Ella salió del baño, muy pálida, y terminó de guardar en la valija las pocas cosas que todavía quedaban afuera.

—Le pedí al botones que esperara —dijo el editor.

El beso, el cabello dorado, el calor de su cabeza hacían volar su mente.

—No quiero que se vaya así —dijo el editor.

—Ya escuché lo que le dijo al botones —dijo ella, cerrando apresuradamente la valija—. Adiós. Y gracias. Me ha salvado de algo espantoso.

El editor no pudo moverse cuando la vio partir. No podía creer que se había marchado. Aún sentía el rastro de su perfume en el aire y se dejó caer en una silla, exhausto, pero debatiendo con su conciencia. ¿Por qué le habría dicho ella que sólo se amaba a sí mismo? ¿Qué otra cosa podría haber hecho? Ojalá hubiera alguien allí a quien pudiera explicarle, alguien a quien preguntarle. Se sentía solo, algo casi inaudito en su vida. Fue hasta la ventana para mirar a la gente que pasaba por la calle. Después miró la cama y lo que pensó lo dejó perplejo: “Nunca en mi vida tuve una aventura”. Salió corriendo de la habitación y fue directo al mostrador de recepción. ¿Ella todavía estaba en el hotel?

—No —dijo el conserje—. La señora Drood se fue en un taxi.

—Le pregunté por la señorita Mendoza.

—No tenemos ningún huésped registrado bajo ese nombre.

—Qué raro —mintió el editor—. Tenía que encontrarse aquí conmigo.

—Tal vez esté en el Hofgarten, pertenece a la misma empresa.

Pasó una hora entera en el teléfono, llamando a todos los hoteles. Fue en taxi a la estación de ferrocarril, después intentó con las aerolíneas hasta que luego, al caer la tarde, fue al aeropuerto. Sabía que no había esperanzas. “Yo también debo estar loco”, pensó. Miraba a todas las mujeres de cabello rubio que se cruzaban en su camino: la ciudad estaba llena de mujeres así. Con el ruidoso correr de la tarde cejó en su búsqueda. Le gustaba hablar de sí mismo y de sus cosas, pero nunca podría describir a nadie cómo había sido aquel día. No se atrevía a volver a su habitación; se sentó en el vestíbulo a leer el diario, luchando consigo mismo y mirando a todas las mujeres que pasaban. No pudo comer y ni siquiera beber y fue caminando hasta el lugar de la conferencia con la esperanza de encontrarla. Una o dos veces tuvo la impresión, que le provocó una risa amarga, de que recién había pasado por allí, dejando sus huellas casi imperceptibles en el pavimento. Lo más extraordinario de todo era que ella encarnaba exactamente la clase de mujer que él no podía ver ni pintada: cuadrada, retacona, fea. Debía ser horrible sin ropa. Intentó exorcizarla con imágenes obscenas. Pero las imágenes se disiparon para dar paso a una visión transformada, idealizada de ella.
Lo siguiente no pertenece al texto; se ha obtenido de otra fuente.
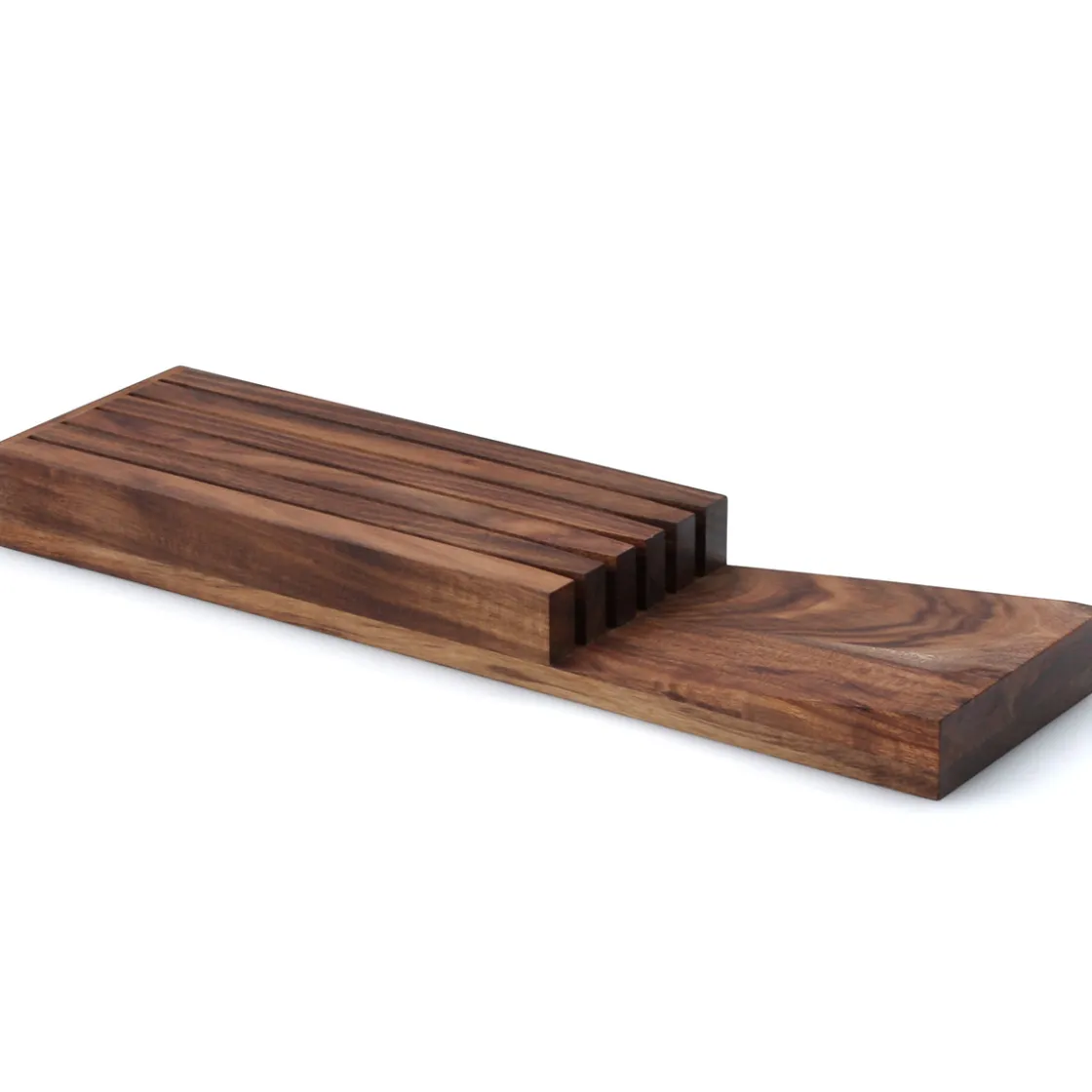 Schafft Ordnung und sieht nebenbei gut aus: Der Messerblock für die Schublade schützt die Klingen Ihrer Messer und sorgt gleichzeitig dafür, dass Sie sich beim Hineingreifen nicht schneiden. Das exklusive Ordnungssystem ist aus nachhaltig angebautem dunklem Akazienholz per Hand gefertigt. Das Hartholz wurde fein geschliffen und geölt – so bleibt die schöne Holzstruktur lange erhalten und ermöglicht eine leichte Pflege. Der nur elf Zentimeter breite Platzsparer passt in gängige Schubladen und bietet Raum für fünf unterschiedlich große Messer. Er darf aber gern in Sichtweite bleiben: Als Objekt auf dem Regal oder auf der Arbeitsfläche macht er sich auch wunderbar. Pflegehinweis: Zum Reinigen des Messerblocks wischen Sie ihn einfach feucht ab und lassen ihn stehend trocknen.

Empezó a verla alta y morena, o joven y rubia; sus ojos cambiaban de color, su cuerpo tenía curvas voluptuosas, o era atlético y delgado. Sentado en el escenario donde debía dar la conferencia, mientras escuchaba el discurso de presentación ponía caras que asombraban al público por su mecánico despliegue de ansiedad seguida de desprecio. Su mirada iba sistemáticamente de una hilera de asientos a otra, buscándola. Se puso de pie para hablar.
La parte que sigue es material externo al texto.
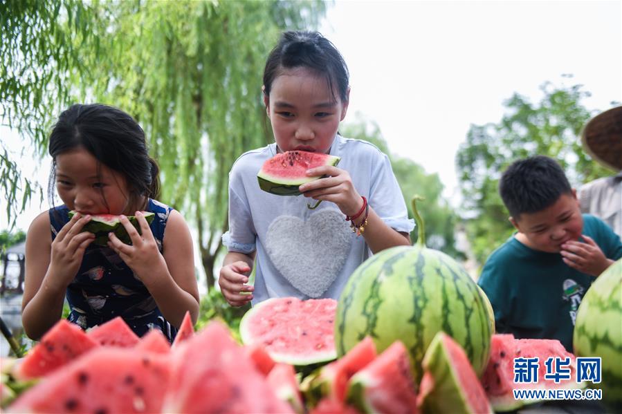 7月22日,廟兜村的孩子們在比賽吃西瓜。當(dāng)日是大暑節(jié)氣,浙江省湖州市吳興區(qū)織里鎮(zhèn)廟兜村舉行了趣味“賽西瓜”比賽,迎接這個“火熱”的節(jié)氣。廟兜村種植有500多畝西瓜,目前正值西瓜豐收的時節(jié),村民們用“賽西瓜”的形式,感受豐收的喜悅。新華社記者徐昱攝

—Damas y caballeros —empezó. Estaba persuadido de que sería la mejor conferencia de su vida. Lo fue. Apremiante, cautivante, angustiante, elocuente. Le estaba pidiendo que regresara.
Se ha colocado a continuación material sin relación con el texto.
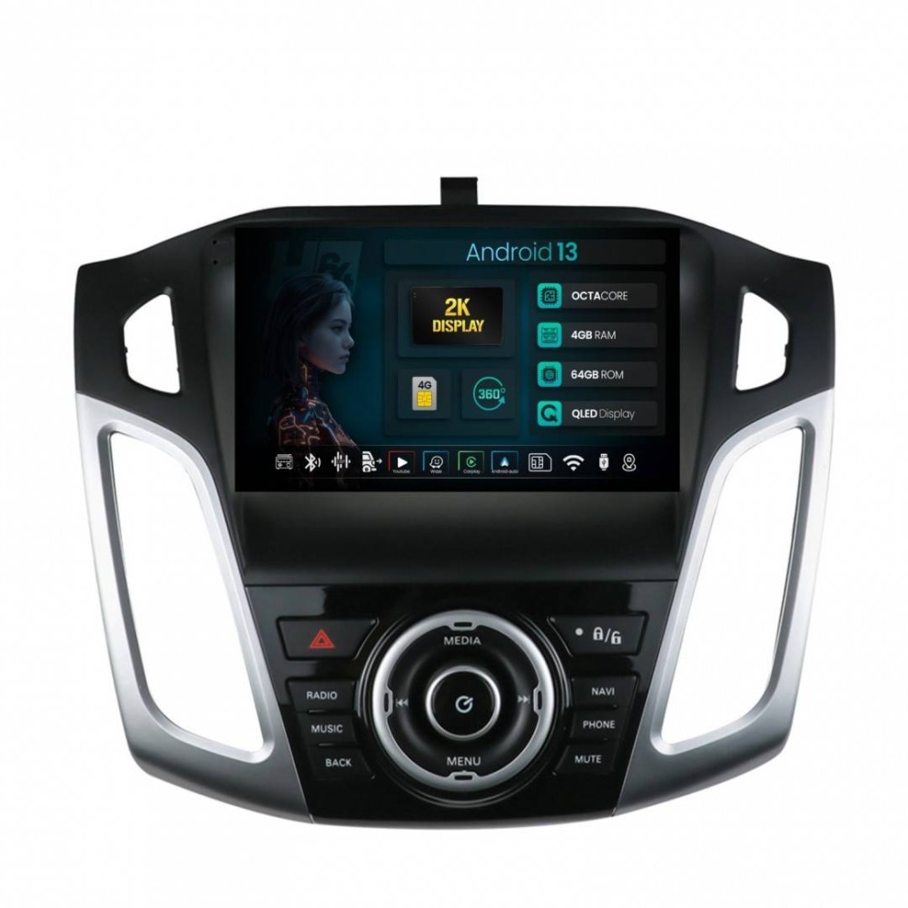 Navigatie 2K Ford Focus 3 (2011-2019) 4GB RAM Android 13 Octacore Slot Sim 4G DSP GPS Wi-FI Carplay Android Auto USB Bluetooth Waze Touchscreen 9.5 In

Y entonces, después de un farragoso debate que prácticamente no escuchó, volvió al hotel. Ahora tendría que enfrentar la burla de la habitación. Entró y efectivamente así fue. La mucama había vuelto a tender la cama y sobre el cobertor yacía la muñeca, las piernas prolijamente juntas, mirándolo con sus ridículos ojos azules. Le pareció que parpadeaban. Se había olvidado de llevársela. Había dejado atrás su infancia.